Music and Reviews from Clare, Limerick, Waterford and sometimes further afield

Sunday, November 27, 2011

Chez Jack L at Glór

Twirling a cane, Jack L swashbuckled his way through the stalls and bounded onto the Glór stage last night to deliver the first number of his homage to Belgian songwriter, Jacques Brel. Looking rather devilish in a Johnny Depp sort of way  and clad in theatrical black and red right down to his guitar, he was accompanied on stage by accoustic bass, electric piano and drums.

While Jack Lukeman is a charismatic and engaging performer, what set this performance apart was the audio visual element with live action coordinated  with striking animation and images projected onto a backdrop. One might think that this extraneous effect would distract from Jack L's compelling stage presence but for the most part it literally added an innovative new dimension to the perfomance and brought colour to a monocrome performing space. A range of images in different styles assemble and are deployed to great effect, sometimes playful, colourful and sometimes monochrome and mimimalist. Portrait images of cigarette toting Brel  are followed with childish colourful animated images of bullfighgters and the boulevards of Paris are summoned  after a trippy psychedelic kaleidoscope display. Most striking perhaps are the sea scenes for probably  Brel's most famous song The Port of Amsterdam'  (see link below).

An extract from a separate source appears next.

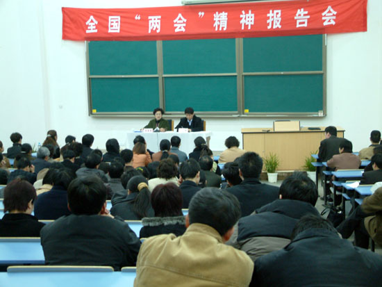 3月25日,我校小和山校区600多人的学术报告厅座无虚席,第十届全国人大代表沈莲清院长在这里向学校教职工和学生代表传达全国人大十届二次会议精神。党委书记金光远主持了报告会。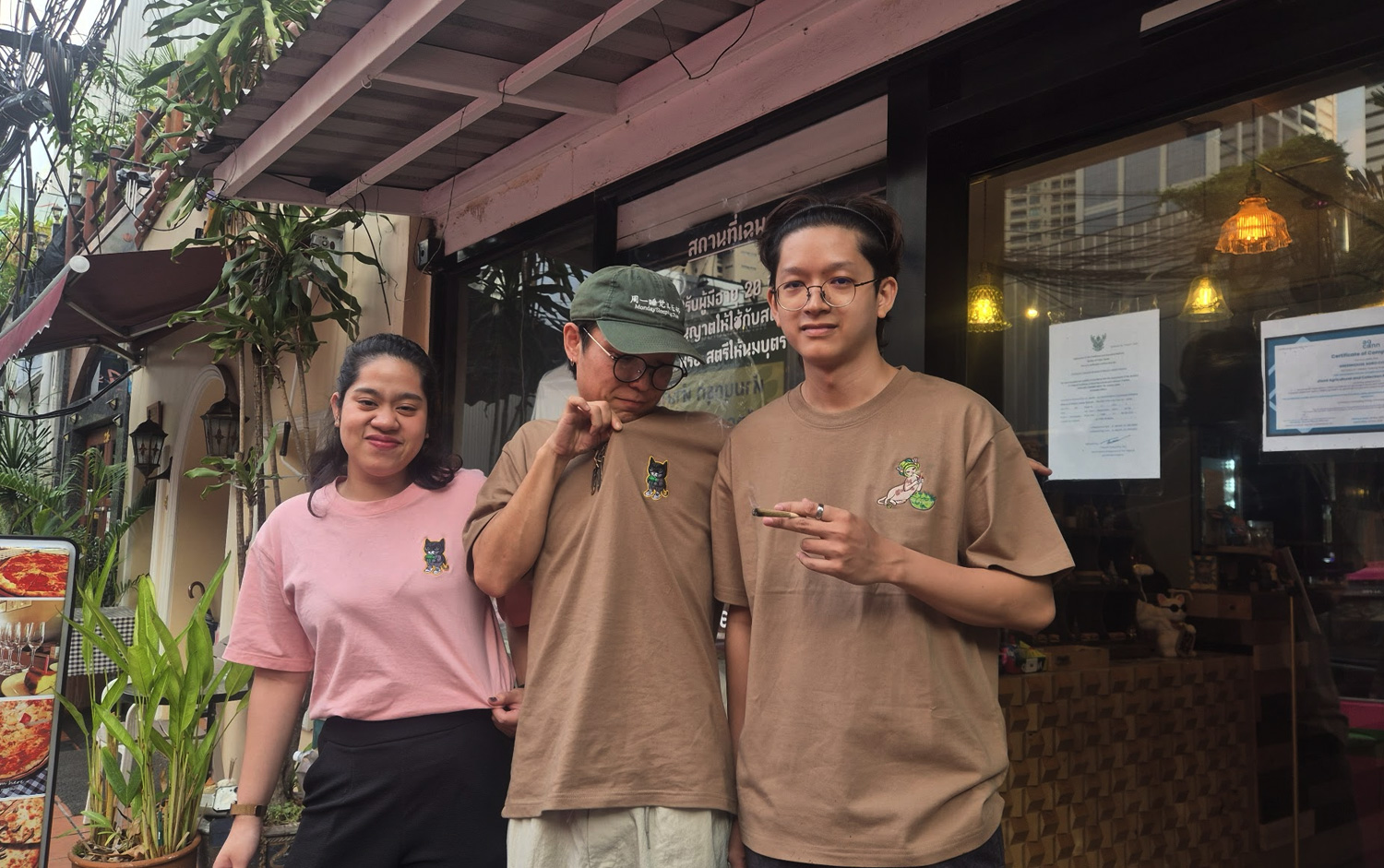 「GANJA MEN 驚奇甘蔗店」は、アソークエリアにある少しユニークな存在の大麻薬局として知られています。特に特徴的なのは、店内に珍しい品種とされるスフィンクスの猫が複数いることです。猫好きの大麻愛好家にとっては、一般的なディスペンサリーとは異なる体験ができる空間といえるかもしれません。猫をモチーフにした数量限定のTシャツも展開しており、タイ土産として購入する人もいるようです。自分自身も猫と大麻が好きということもあり、応援の意味も込めて着用しています。

Unfortunately some patrons misunderstood the band's mid set  departure  from  the stage and made a break  for the bar when stillness was  needed for a solo accompanied only by a miniature accordion.
Unamplified for the number Stardust Falling,  Jack L demonstrates a powerful voice with  great  colour and range of pitch and I was left wanting more  of the reduced ensemble of voice and piano. Overall, while  the overamplification was not as marked as when I had previously heard the artist at this venue,  some numbers were  too loud for my taste, with drums the dominant musical element in the mix  detracting from the splendid voice and making the all important lyrics less discernible.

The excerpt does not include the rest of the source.